**Task details:** Reproduce the entries in full. Exclude all images from the copy.

**Records:**
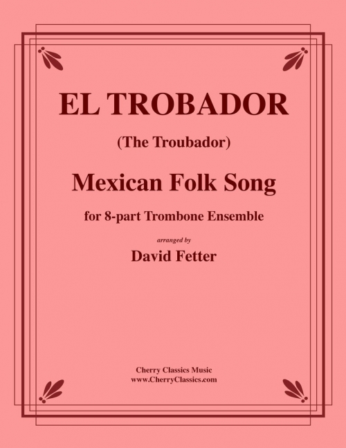メキシコの伝統民謡「エル・トロバドール」を、デイヴィッド・フェッターが8パートのトロンボーンアンサンブル用に編曲しました。この美しい編曲は、騎士道、冒険、そしてロマンスに満ちたロマンチックな時代を彷彿とさせます。中上級者向けの楽曲で、全曲ヘ音記号で演奏されます。
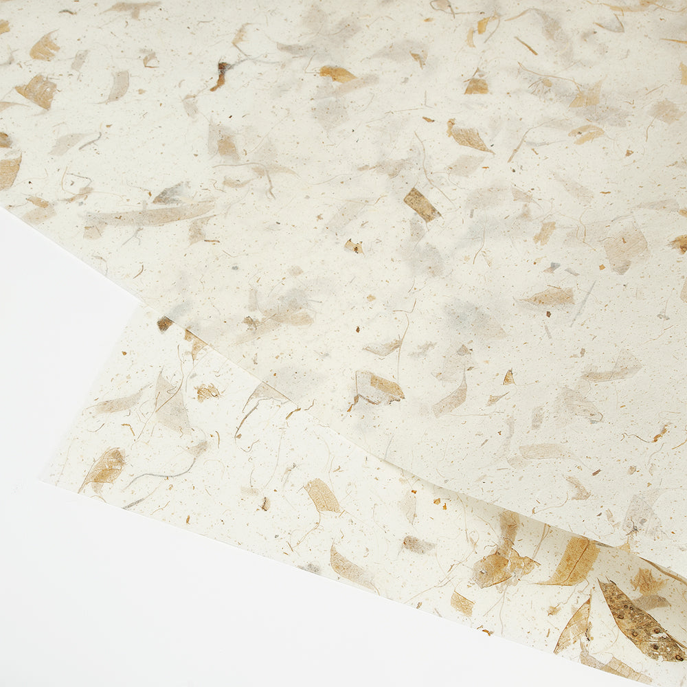 アワガミファクトリーではタイ、ネパールの紙など日本の和紙以外の紙を輸入し、日本でご紹介&販売もしています。 ナチュラルな素材を使った紙、日本人の感覚では思いつかない手法や色使いなどは、私たち和紙製造メーカーとしても とても勉強になります。お互い切磋琢磨して、お客さまに喜んでいただける紙づくりを目指しています。「マンゴ」は、マンゴの葉や繊維等を漉き込んだ紙です。 タイ製。こちらは在庫なくなり次第終了となります。
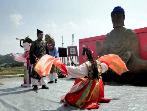 ここに上げた画像は、手創りのコンセプトならば何所にも負けません、明日香村の誇る劇団『時空』による『大化の改新』という劇のもようです。
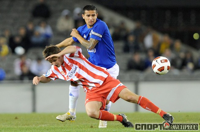 14.07.2010. Мельбурн. Футбол. Товарищеский матч. "Эвертон" - "Сидней" - 1:0. В составе "Эвертона" на поле вышел россиянин Динияр Билялетдинов. Фото AFP
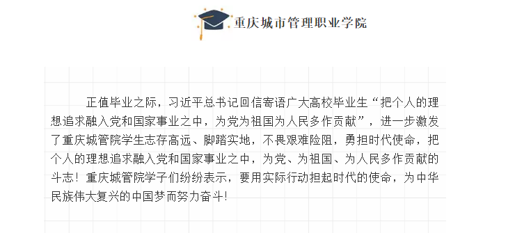 作者:党委宣传网工部 学生处审核发布:重庆城市管理职业学院发布者:党委宣传网工部发布时间:2020-07-17浏览次数:2117
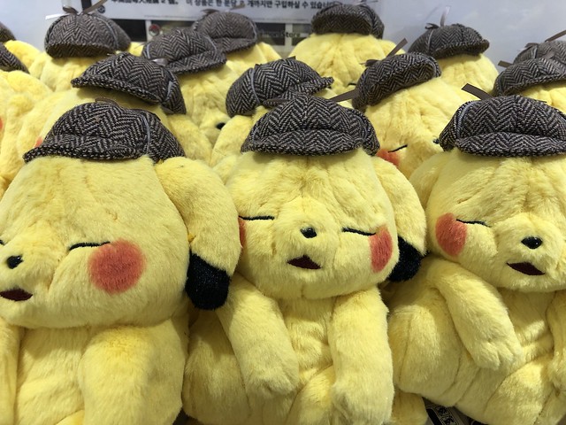 原本是《名偵探皮卡丘》藍光 DVD 預購特典商品的「皺臉皮卡丘」(しわしわ顔ピカチュウ),因為話題性十足加上許多粉絲自製的無授權周邊不斷推出,官方乾脆直接推出絨毛布偶,並在日本寶可夢商店上架。還原電影中爆紅的衰臉表情,以高19公分,長16.5公分,寬11公分的尺寸呈現,戴著劇中的咖啡色格紋偵探,搭配帽皺成一團的表情,衰中帶著可愛,越看越療癒!官方表示:看到他,記得給他一個抱抱!
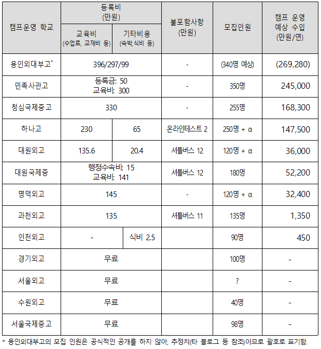 ■ 문제점 4: 1인당 참가비 350만원에 350명이 참가해 예상 매출액이 24억 5천만원인 캠프(민족사관고)에 대해 수입지출 현황 관련 정보 공개도 없고, 관리감독하는 기관도 없음. 또한 이런 거액의 캠프비용에 대해서 등록비 산정 기준을 전혀 공개하지 않아 ‘합리적 비용을 징수’하라는 교육부 기준 준수 여부를 일체 확인할 수 없음.
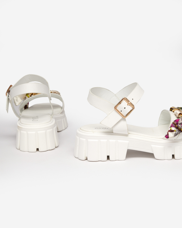 • Magnifiques sandales pour femmes sur une semelle épaisse. Le modèle est en cuir écologique et est décoré d'une chaîne en plastique avec un ruban. La base parfaite pour de nombreux looks de tous les jours ! Remarque : le produit présente une décoloration s
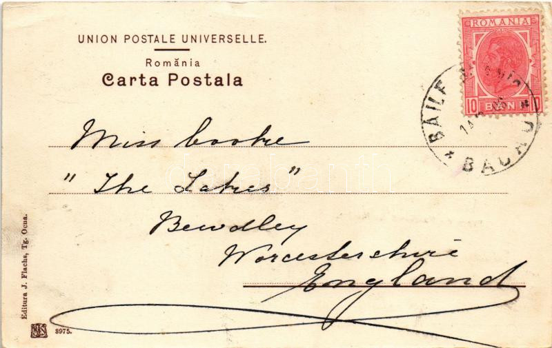 1906 Slanic-Moldova, Baile Slanic, Szlanikfürdő (Bacau); Parcu du Pavilionul de Musica, Vederea spre Muntele Dobru / park with music pavilion, general view. Edit. J. Flachs (EK)
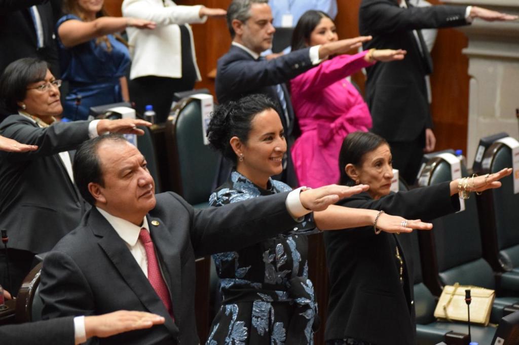 La bancada queda conformada por Yareli Anaí Esparza Acevedo, María del Consuelo Estrada Plata, Isaac Hernández Méndez, Ana Yurixi Leyva Piñón, Sofía Martínez Molina, Gabriel Kalid Mohamed Báez, Sara Ramírez de la O, Ernesto Santillán Ramírez y Óscar González Yáñez, siendo éste último el Coordinador de la fracción y quien mencionó que como bloque tienen la responsabilidad con el Pueblo mexiquense de participar activamente para que la Transformación se consolide de la mejor manera en la entidad y en el país haciendo equipo con la Gobernadora, Delfina Gómez Álvarez y con nuestra Presidenta electa, Claudia Sheinbaum Pardo, mediante acciones legislativas que deriven en verdadero bienestar para el Estado de México, «Nosotros tenemos la responsabilidad de apoyar al gobierno de la maestra Delfina, siendo críticos pero apoyando a la Transformación.», aseguró.
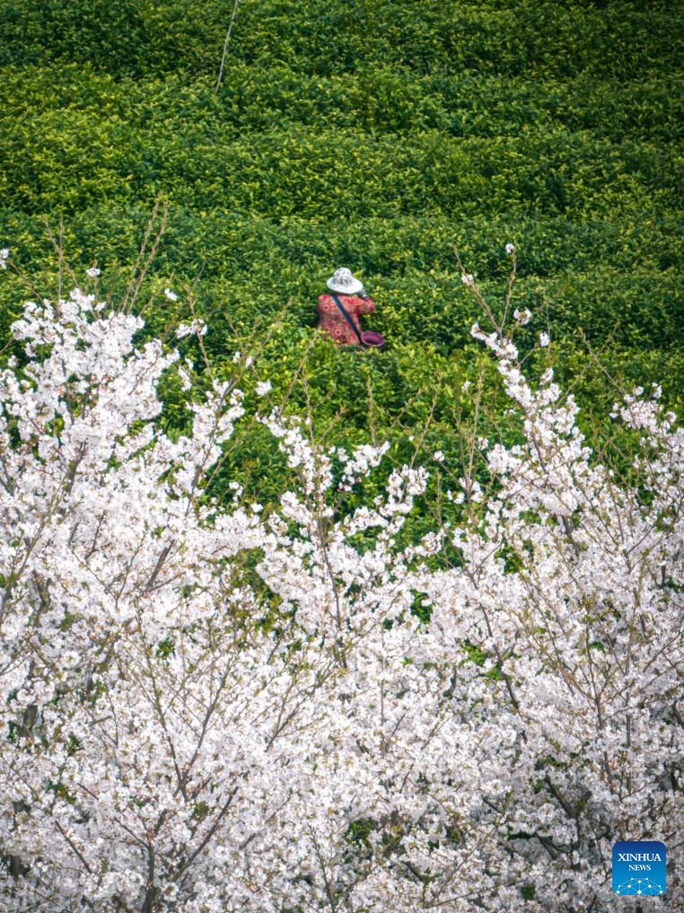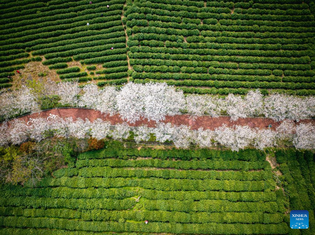 An aerial drone photo taken on March 27, 2024 shows a view of cherry blossoms and tea gardens on Gaoting Mountain in Shangcheng District of Hangzhou, east China's Zhejiang Province. (Xinhua/Jiang Han)

**Answer space:**
メキシコの伝統民謡「エル・トロバドール」を、デイヴィッド・フェッターが8パートのトロンボーンアンサンブル用に編曲しました。この美しい編曲は、騎士道、冒険、そしてロマンスに満ちたロマンチックな時代を彷彿とさせます。中上級者向けの楽曲で、全曲ヘ音記号で演奏されます。
 アワガミファクトリーではタイ、ネパールの紙など日本の和紙以外の紙を輸入し、日本でご紹介&販売もしています。 ナチュラルな素材を使った紙、日本人の感覚では思いつかない手法や色使いなどは、私たち和紙製造メーカーとしても とても勉強になります。お互い切磋琢磨して、お客さまに喜んでいただける紙づくりを目指しています。「マンゴ」は、マンゴの葉や繊維等を漉き込んだ紙です。 タイ製。こちらは在庫なくなり次第終了となります。
 ここに上げた画像は、手創りのコンセプトならば何所にも負けません、明日香村の誇る劇団『時空』による『大化の改新』という劇のもようです。
 14.07.2010. Мельбурн. Футбол. Товарищеский матч. "Эвертон" - "Сидней" - 1:0. В составе "Эвертона" на поле вышел россиянин Динияр Билялетдинов. Фото AFP
 作者:党委宣传网工部 学生处审核发布:重庆城市管理职业学院发布者:党委宣传网工部发布时间:2020-07-17浏览次数:2117
 原本是《名偵探皮卡丘》藍光 DVD 預購特典商品的「皺臉皮卡丘」(しわしわ顔ピカチュウ),因為話題性十足加上許多粉絲自製的無授權周邊不斷推出,官方乾脆直接推出絨毛布偶,並在日本寶可夢商店上架。還原電影中爆紅的衰臉表情,以高19公分,長16.5公分,寬11公分的尺寸呈現,戴著劇中的咖啡色格紋偵探,搭配帽皺成一團的表情,衰中帶著可愛,越看越療癒!官方表示:看到他,記得給他一個抱抱!
 ■ 문제점 4: 1인당 참가비 350만원에 350명이 참가해 예상 매출액이 24억 5천만원인 캠프(민족사관고)에 대해 수입지출 현황 관련 정보 공개도 없고, 관리감독하는 기관도 없음. 또한 이런 거액의 캠프비용에 대해서 등록비 산정 기준을 전혀 공개하지 않아 ‘합리적 비용을 징수’하라는 교육부 기준 준수 여부를 일체 확인할 수 없음.
 • Magnifiques sandales pour femmes sur une semelle épaisse. Le modèle est en cuir écologique et est décoré d'une chaîne en plastique avec un ruban. La base parfaite pour de nombreux looks de tous les jours ! Remarque : le produit présente une décoloration s
 1906 Slanic-Moldova, Baile Slanic, Szlanikfürdő (Bacau); Parcu du Pavilionul de Musica, Vederea spre Muntele Dobru / park with music pavilion, general view. Edit. J. Flachs (EK)
 La bancada queda conformada por Yareli Anaí Esparza Acevedo, María del Consuelo Estrada Plata, Isaac Hernández Méndez, Ana Yurixi Leyva Piñón, Sofía Martínez Molina, Gabriel Kalid Mohamed Báez, Sara Ramírez de la O, Ernesto Santillán Ramírez y Óscar González Yáñez, siendo éste último el Coordinador de la fracción y quien mencionó que como bloque tienen la responsabilidad con el Pueblo mexiquense de participar activamente para que la Transformación se consolide de la mejor manera en la entidad y en el país haciendo equipo con la Gobernadora, Delfina Gómez Álvarez y con nuestra Presidenta electa, Claudia Sheinbaum Pardo, mediante acciones legislativas que deriven en verdadero bienestar para el Estado de México, «Nosotros tenemos la responsabilidad de apoyar al gobierno de la maestra Delfina, siendo críticos pero apoyando a la Transformación.», aseguró.
 An aerial drone photo taken on March 27, 2024 shows a view of cherry blossoms and tea gardens on Gaoting Mountain in Shangcheng District of Hangzhou, east China's Zhejiang Province. (Xinhua/Jiang Han)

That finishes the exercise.